Thousands of country editors expressed thousands of independent
opinions. Somewhere or other almost
anybody could get almost anything printed.
Today the press is still legally free; but most of the little papers
have disappeared. The cost of wood-pulp,
of modern printing machinery and of syndicated news is too high for the Little
Man. In the totalitarian East there is
political censorship, and the media of mass communication are controlled by the
State. In the democratic West there is
economic censorship and the media of mass communication are controlled by
members of the Power Elite. Censorship
by rising costs and concentration of communication-power in the hands of a few
big concerns is less objectionable than State ownership and government
propaganda; but certainly it is not something of which a Jeffersonian
democrat could possibly approve.
In regard to propaganda, the early
advocates of universal literacy and a free press envisaged only two
possibilities: the propaganda might be true, or it might be false. They did not foresee what in fact has happened,
above all in our Western capitalist democracies - the development of a vast
mass communications industry, concerned in the main neither with the true nor
the false, but with the unreal, the more or less totally irrelevant. In a word, they failed to take into account
man's almost infinite appetite for distractions.

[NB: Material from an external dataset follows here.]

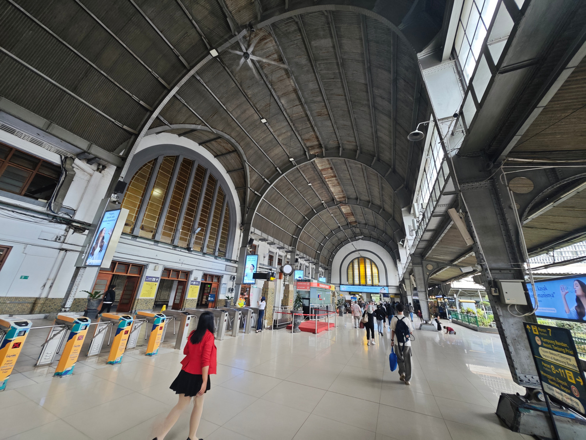 Местные называют этот вокзал Beos. Сначала я было думал, что это просто название района, но оказалось, всё интереснее. Существует несколько версий происхождения этого имени. Одна из них — Bataviasche Ooster Spoorweg Maatschappij (BOS), что переводится как "Батавская восточная железнодорожная компания" . Именно она когда-то владела станцией, стоявшей на этом месте раньше. Другая версия — Batavia En Omstreken, то есть "Батавия и окрестности" — название, отражающее роль вокзала как транспортного сердца города.Название прижилось настолько, что даже в 1980-е годы его продолжали использовать . А официальное имя — Stasiun Jakarta Kota — появилось позже. Главный фасад встречает гигантскими арочными окнами — лунетами — которые пропускают внутрь потоки света. В центральном зале я задираю голову и вижу свод barrel-vault — огромные стальные арки, заказанные прямо из Нидерландов. Такие дела.

In the past most people never got a chance
of fully satisfying this appetite. They
might long for distractions, but the distractions were not provided. Christmas came but once a year, feasts were
'solemn and rare', there were few readers and very little to read, and the
nearest approach to a neighbourhood movie theatre was the parish church, where
the performances, though frequent, were somewhat monotonous. For conditions even remotely comparable to
those now prevailing we must return to imperial Rome,
where the populace was kept in good humour by frequent, gratuitous doses of
many kind of entertainment - from poetical dramas to gladiatorial fights, from
recitations of Virgil to all-out boxing, from concerts to military reviews and
public executions. But even in Rome
there was nothing like the non-stop distraction now provided by newspapers and
magazines, by radio, television and the cinema.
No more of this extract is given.